- Born: Giddarbaha, Punjab, India
- Education: University of Kentucky Punjab Engineering College
- Scientific career
- Fields: Mechanical engineering, Aerospace engineering, Chemical engineering, Biomolecular engineering
- Workplaces: UCLA Henry Samueli School of Engineering and Applied Science

= Vijay K. Dhir =

American engineer and researcher

Vijay K. Dhir is the former Dean of the University of California, Los Angeles (UCLA) Henry Samueli School of Engineering and Applied Science, holding the position from March 2003 to January 2016. He is also a professor of mechanical and aerospace engineering, joining the UCLA faculty in 1974. He is the principal investigator of the Boiling eXperiment Facility - Nucleate Pool Boiling eXperiment (BXF-NPBX), which was conducted in micro-g environment on the International Space Station to understand bubble growth, detachment and subsequent motion of single and large merged bubbles boiling in micro-g environment.

Dhir was born in Giddarbaha, in Punjab and raised in India. He received his Bachelor of Science degree from Punjab Engineering College in 1965 and his MTech degree from Indian Institute of Technology in 1968. He obtained his Ph.D. degree in 1972 from the University of Kentucky.

==Career==
Prior to becoming the dean at the school, Dhir served as vice chair (1988–1991) and chair (1994–2000) of the Department of Mechanical and Aerospace Engineering. Then he served as the school's associate dean for academic and faculty issues and as Interim Dean (2002–2003).

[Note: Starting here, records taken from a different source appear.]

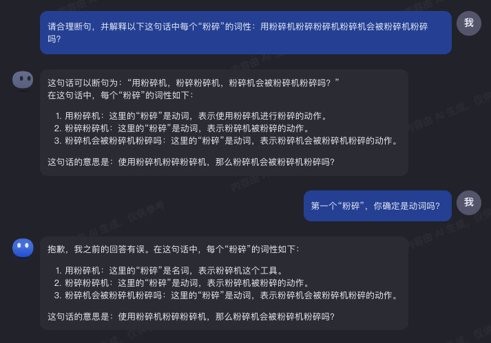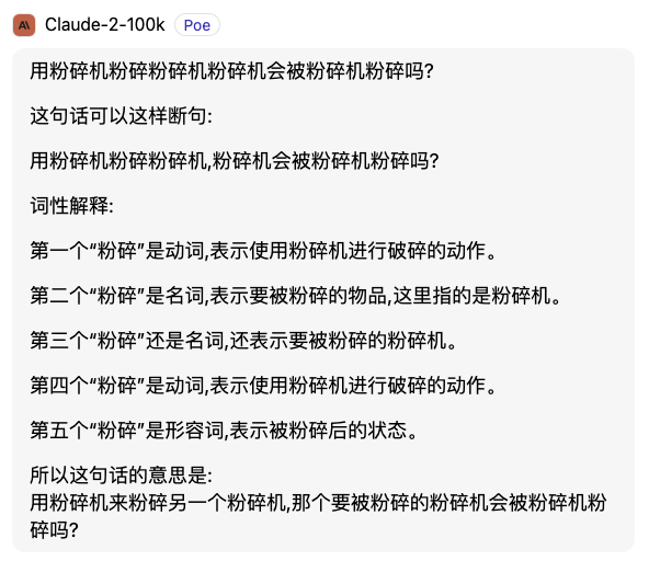 但 Claude2 和 KimiChat 对每个“粉碎”的词性分析都不完整,且回答有错误。
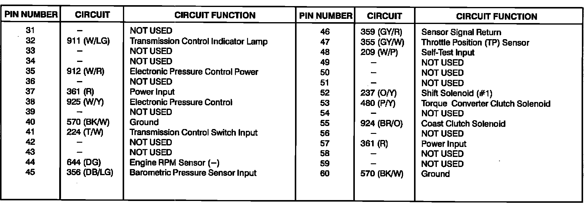 Powertrain Control Module (PCM) Connector Pin Useage:
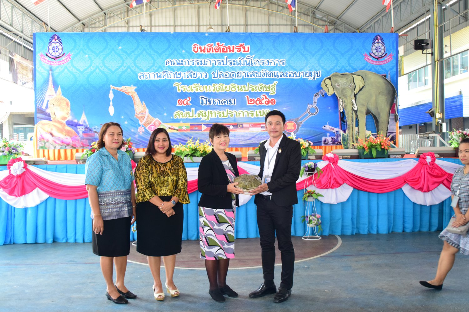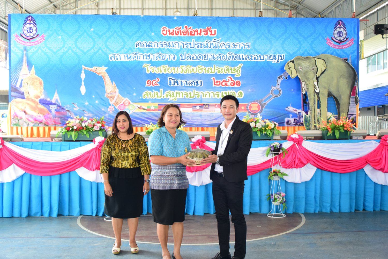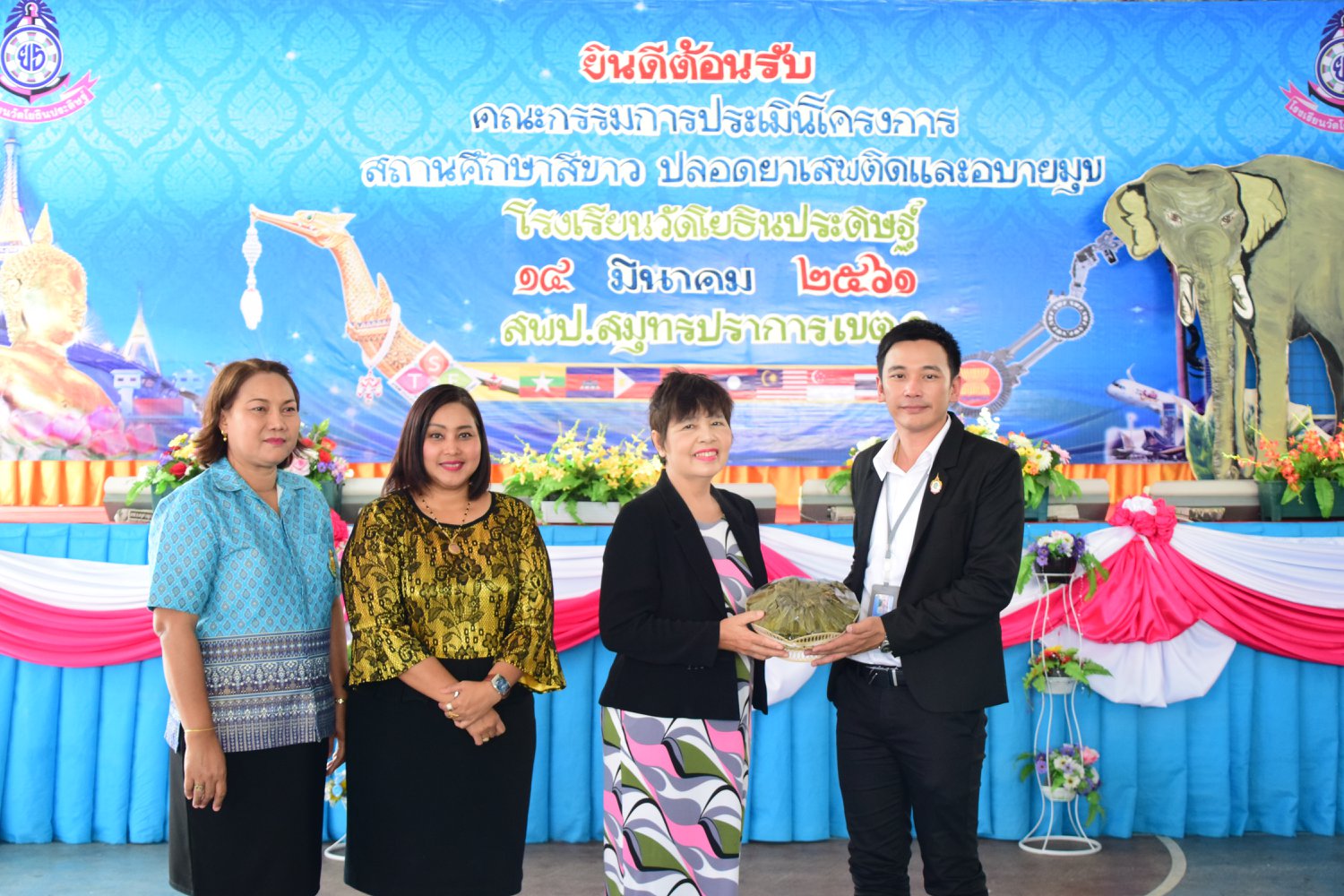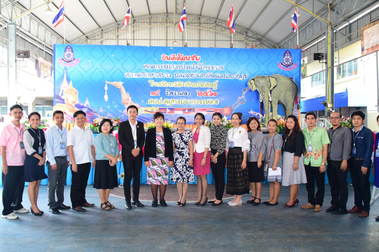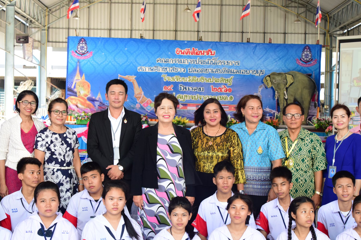 เมื่อพุธที่ 14 มีนาคม 2561 นำโดย นายจิระพงศ์ ศุภศรี ผู้อำนวยการโรงเรียนวัดโยธินประดิษฐ์ พร้อมคณะครู ผู้ปกครอง ชุมชน และภาคีเครือข่ายตลอดจนนักเรียนแกนนำ โรงเรียนวัดโยธินประดิษฐ์ ได้เข้าร่วมทำกิจกรรมนำเสนอผลงาน เพื่อรับการตรวจประเมินสถานศึกษาสีขาว ปลอดยาเสพติดและอบายมุข ประจำปีการศึกษา 2560 จากคณะกรรมการตรวจประเมิน

He has retired from this position since and is now serving as a professor at UCLA.

Dhir has written or co-authored 3 books and more than 350 papers.

==Honors==
In 2004, he received the Max Jakob Memorial Award.

In 2006, Dhir was elected a member of the US National Academy of Engineering for work on boiling heat transfer and nuclear reactor thermal-hydraulics and safety.
He received the Robert Henry Thurston Lecture Award from the American Society of Mechanical Engineers in 2008.